My wife who lives in America got me a smoker for christmas













image.jpg



__ sjcooper90
__ Feb 3, 2014





This is the one she got me and I was wondering if anybody has had any experience with them?


----------



## kc5tpy (Feb 3, 2014)

Hello.  Welcome to the Group.  I have never seen one.  What can you tell us about it?  We can help do some research.  Wish I could be of more help.

Danny


----------



## wade (Feb 3, 2014)

Welcome to the group SJ

It looks like a squat version of a Weber Smoky Mountain. It is difficult to get a good idea of scale though from the pictures. Do you have a make/model?


----------



## sjcooper90 (Feb 3, 2014)

It's a TecTake 3in1BBQ smoker from amazon


----------



## wade (Feb 3, 2014)

Hi SJ

The unit is actually quite squat so it may be quite difficult to regulate the temperature sufficiently for long low smokes however you should be able to grill on it and roast in it without a problem. It should also cold smoke quite well if you use a smoke generator like a AMNPS or the ProQ.

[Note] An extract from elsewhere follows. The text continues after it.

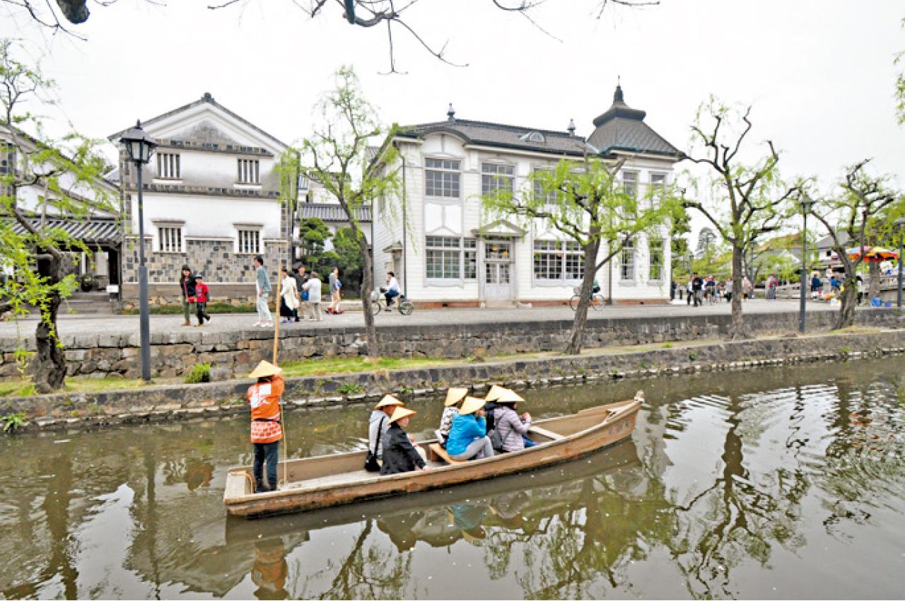 除了後樂園,不可錯過的還有倉敷美觀區,岸邊都是灰磚白牆的建築。江戶時代初期,幕府在此區設置直轄領地,以河道成為物資集散地,那些建築就是當年的倉庫。今天船伕帶遊客泛舟遊覽,不少新人穿上傳統褂式禮服在此接受遊人祝福,垂柳下畫面構圖一片恬靜。
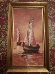 óleo sobre tela, assinado, sinais de uso. Dim. - 36 x 18 cm

First off I would try something like a beer can chicken or roast pork - using indirect heat around 180-200C. If you find that you can regulate the temperatures lower then try something safe like a pulled pork. With the pork, if the temperature fluctuates or gets too hot then you should still end up with something very edible. If you try brisket and it cooks too quickly then you will probably end up with dry shoe leather. It is worth spending some time early on getting to know how it behaves.


----------



## markuk (Feb 4, 2014)

Welcome to group !


----------



## darwin101 (Feb 4, 2014)

Ya have to love a woman that supports your hobbies!  Hello & Welcome


----------



## andybigwood (Feb 9, 2014)

Hi SJ - welcome to the group!


----------